ワシントンDCに行ってきた。心臓発作を起こす前に、ブルッキングス研究所開催のイベント「日本のアフリカ政策:援助パラダイムの再考」にパネリストとして招かれていたのだ。だから、リハビリにおいても今回の出張がひとつの目処だった。

 依頼がきたのは、ブルッキングス研究所で日本研究を担当しているミレヤ・ソリスという女性研究員からで、昨年度までJICAワシントン所長を務められていた中澤慶一郎氏がつないでくれた。

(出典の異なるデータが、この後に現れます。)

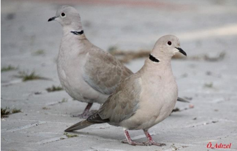
Ek 18. Özdemir Adızel, Kumru
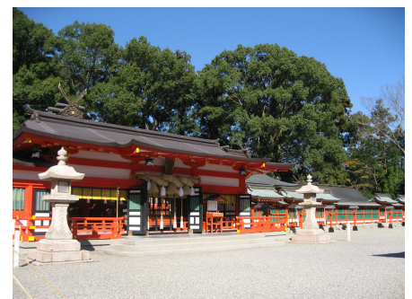
(熊野速玉大社 イメージ)
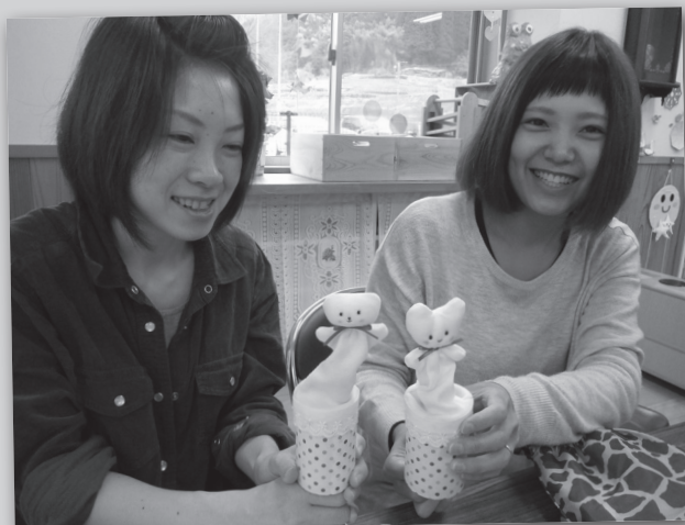
▲いないいないばあ人形でたくさん遊んでほしいな

お母さんたちが子どものために、ひと針ひと針、心を込めて作ってくれました。世界に一つしかない「いないいないばあ人形」です。このほか、ふれあい遊びやおはなし会も楽しみました。
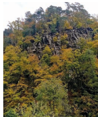
Potštátské skalní město je nádhernou, i když opomíjenou turistickou lokalitou.
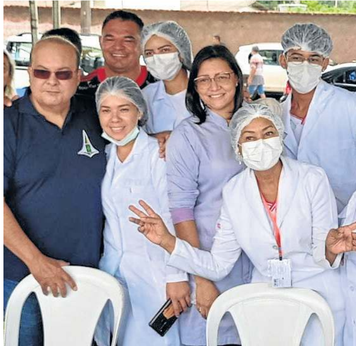
Foi assinada ordem para reforma de unidade de saúde

tentando resolver com a Administração Regional”, explicou.
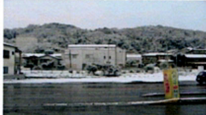
(昨春の大会当日の雪景色)
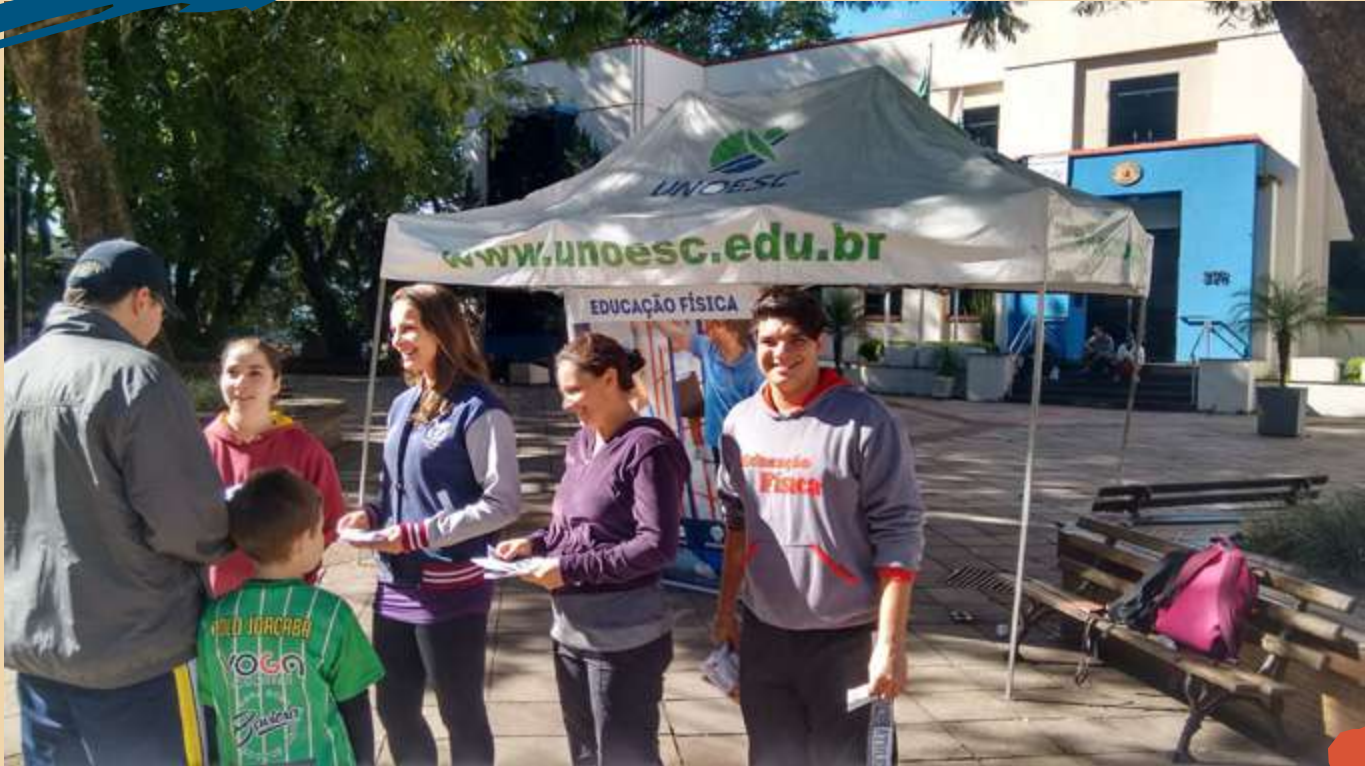
2016 – A importância da atividade física para a saúde – Praça de Joaçaba.

 しかしこの話がきたとき、正直かなり驚いたのである。中国のアフリカ政策については世界中で企画がうたれてきたが、日本のアフリカ政策をテーマに掲げたものは、日本国内を除けば聞いたことがない。それをワシントンDCで、しかもブルッキングスがやるというのだ。ソリス氏の言ではまったく初めての企画であるらしい。だから、入院した当初からこれだけはなんとしても行こうと決めていた。医者からもOKをもらった。

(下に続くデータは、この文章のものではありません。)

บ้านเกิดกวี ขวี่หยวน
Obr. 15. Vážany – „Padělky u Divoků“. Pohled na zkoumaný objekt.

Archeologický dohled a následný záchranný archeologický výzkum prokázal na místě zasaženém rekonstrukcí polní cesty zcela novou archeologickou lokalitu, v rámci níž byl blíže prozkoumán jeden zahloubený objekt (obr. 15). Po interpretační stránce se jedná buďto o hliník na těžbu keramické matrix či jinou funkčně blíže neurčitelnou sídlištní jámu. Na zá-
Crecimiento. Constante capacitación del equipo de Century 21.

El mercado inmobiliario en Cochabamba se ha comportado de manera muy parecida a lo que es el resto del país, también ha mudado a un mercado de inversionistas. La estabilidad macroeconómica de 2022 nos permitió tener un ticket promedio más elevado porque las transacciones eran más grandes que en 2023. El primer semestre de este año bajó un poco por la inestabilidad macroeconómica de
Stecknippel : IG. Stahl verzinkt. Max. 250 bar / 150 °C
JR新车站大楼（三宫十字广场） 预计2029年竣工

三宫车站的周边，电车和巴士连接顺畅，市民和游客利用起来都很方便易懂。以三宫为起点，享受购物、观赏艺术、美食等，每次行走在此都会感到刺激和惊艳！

 ワシントンDCにはブルッキングス研究所はじめ名だたるシンクタンクが軒を連ねている。みな米政府との関係は親密で、世界中から優秀な人間が集まっている。情報に携わる仕事のなかでは、ある意味檜舞台だ。そのワシントンでここ数年、日本研究のプレゼンスが一貫して低下していて、一方中国研究は隆盛をきわめているらしい、という話は仄聞していた。私たちの研究所がやっているような地味なタイプの地域研究もアメリカではとうに下り坂だから、アジア経済研究所としてもコンタクトが乏しい世界である。それもあって興味をそそられた。